Alright people, by now many us have seen Christopher Nolan’s new war epic, Dunkirk. While an astounding piece of cinema, I have recently met a few individuals that are refusing to see the movie. Their reason?
Because pop-sensation Harry Styles is in it.
If you’ve read my review, you’ll have seen that I thought Mr Styles did pretty well in a movie where he was surrounded by Oscar-calibre actors. But alas, it seems that there are some that just can’t get away from the fact that Mr Styles is one fourth of the world renowned band known as One Direction.
Just saw Dunkirk only because of Mark Rylance and let me tell you Harry Styles fucking ruined the movie. I don’t know what y’all are smoking
— Mithi (@mithilesh123432) 21 July 2017
Fortunately, the large majority of people and critics have rightly praised him for his performance. But this baffling hatred of singers popular with girls/women, who then choose to move into acting, is something that has pervaded our culture for several generations.
But guess what guys? Mr Styles is doing something that has been done by some of the most successful people in human history.
In fact, I’d even go as far as to say that Harry Styles is a modern day Frank Sinatra.
“You’re dead to me!” I hear you cry.
“KILL HIM!” I hear some of you roar.
But my assertion has an element of truth to it. Of course Mr Styles is not Ol’ Blue Eyes in his later career.
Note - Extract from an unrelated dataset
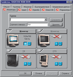 ATI не сдаетсяКомпания ATI по-прежнему остается единственной, кто реально сопротивляется господству nVIDIA в сфере 3D-решений. Однако вся борьба протекает в режиме преследования. Создается впечатление, что графические процессоры ATI появляются в ответ на очередные чипы nVIDIA. Поэтому выпуск новых семейств Radeon (7ххх и 8500) можно рассматривать как попытку исправить сложившуюся ситуацию. Теперь уже nVIDIA пришлось отвечать своими чипами Titanium, чтобы не потерять звание производителя быстрейших процессоров. Итак, давайте посмотрим, чем примечателен самый производительный на сегодняшний день видеоконтроллер Radeon 8500 от компании ATI. ![]() Интерфейс настроек драйверов от ATI традиционно наглядный и продуманный. Процессор производится по 0,15-мкм технологии. Блок рендеринга Pixel Typestry II состоит из четырех конвейеров с возможностью наложения двух текстур за один такт. Тактовая частота ядра процессора и модулей памяти — 275 МГц. (Внимание! Версия процессора, обозначаемая буквами LE (lite edition), оснащена чипами памяти и ядром процессора с частотой, пониженной до 250 МГц. Ширина интерфейса памяти составляет 128 бит.) В новом процессоре нашли отражение лучшие инновации, реализованные в предыдущем поколении продуктов ATI. Благодаря усовершенствованному движку Charisma Engine II процессор поддерживает геометрические преобразования и расчет освещенности. В свою очередь Hyper Z II уменьшает требования к пропускной способности подсистемы памяти. Технология Smartshader позволяет реализовать весь потенциал DirectX 8.1, обеспечивая более высокую реалистичность текстур и освещения (этот фактор стал одним из элементов рекламной компании ATI по продвижению Radeon 8500 на рынке). Smoothvision реализует улучшенную схему полноэкранного сглаживания при незначительном падении производительности. И все же предметом гордости компании стала разработка Truform, благодаря которой вид трехмерных объектов преобразился: компьютерные образы приобрели реалистичные очертания. Фирменная технология поддержки вывода изображения на два монитора носит название Hydravision — можно подключать обычные ЭЛТ-дисплеи, ЖК-мониторы и телевизоры. Технология Video Immersion II обеспечивает улучшенное качество воспроизведения видео за счет нового алгоритма обработки, а чип RAGE THEATER является одним из элементов системы, позволяющих добиться высокого качества видеоизображения. ![]() В закладке «Мониторы» можно выбрать режим поддержки двух дисплеев. Отметим, что одной из важных черт последних графических процессоров ATI была мультимедийность: помимо традиционных функций, присущих всем процессорам, они обладали хорошей аппаратной поддержкой воспроизведения видео и DVD. Помимо режима «компенсация движения» аппаратно поддерживается обратное преобразование Фурье. Последнее до сих пор является фирменной особенностью продуктов ATI. Видеоадаптер ATI от компании SuperGrace?Возможность приобретать видеокарты на процессорах ATI от сторонних производителей пользователи получили не так давно. Было время, когда канадская фирма, подобно компании 3dfx, все делала самостоятельно. Однако в последнее время ATI решила изменить свою позицию. Теперь на рынке можно встретить большое количество видеокарт Radeon, производителем которых является одна из сторонних компаний. ![]() Графический адаптер ATI. На коробке видеокарты, предоставленной нам, было крупными буквами написано: Radeon 8

But when compared to the early days of Sinatra’s profession, they have a surprisingly lot in common.
When most of you think of Frank Sinatra, you’re probably thinking of the hat wearing, older, distinguished gentleman who was part of the Rat Pack.
But Sinatra, in his early years, was essentially the Harry Styles of his day.
Sinatra kicked of his career in 1935, when he was 15, by joining the 1930s equivalent of a boyband called the 3 Flashes. While he would flirt in and out of several other bands, he would eventually go solo in 1941. And do you know who his fans were?
Almost exclusively teenage girls and young women.
Bobby Soxers were the name given to them, mainly because of their choice of sock attire. But their dedication would sometimes go so far that, according to Janice T. Booker’s “Why the Bobby Soxers?” (2004):
… They were known to write Sinatra’s song titles on their clothing, bribe hotel maids for an opportunity to touch his bed, and accost his person in the form of stealing clothing he was wearing, most commonly his bow-tie.
In fact, Sinatra was so popular that in October 1944, when discovering they were unable to get into a New York concert of his, thousands of girls and women went nuts and had to be subdued by several dozen police officers. This eventually became known as the Columbus Day Riot.
But like most popstars, Sinatra’s fame started to diminish and his popularity began to sink. And you know what he did?
That’s right, you condescending bastards! He doubled down on his acting!
From the end of WWII in 1945, Sinatra performed in nine movies, most of them musicals, with 1948’s The Miracle of the Bells being the one dramatic exception. Then finally in 1953 he did From Here to Eternity, where he wound up wining the Oscar for Best Supporting Actor.
That was the turning point. That was the moment he went from teenage idol to world renowned actor and singer. From there, of course, his stratospheric career is known to most.
But Sinatra wasn’t the only one to walk a path like this. Justin Timberlake, Zac Efron and many others have begun as youthful pop singers, beloved by millions of females, before later taking the journey into the arena of professional acting.
That’s why it’s so ridiculous that there are those who chose not to take someone seriously because they are popular with women. Especially since male singers that are popular with men traditionally don’t suffer this type of treatment. Ludacris, LL Cool J, Ice Cube and David Bowie all transferred to acting with little or no backlash during their debut performances.
Unfortunately, it always seems us guys (and let’s be honest, it’s mostly us guys) feel some sort of need to shit on these male singers with a overwhelming female fandom. Why? Are we jealous? Angry? Misguided? Imbeciles? A mix of all four?
In the end though, Sinatra, Timberlake and Efron were laughing all the way to the bank with armfuls of awards. Something tells me Mr Styles will one day be laughing too.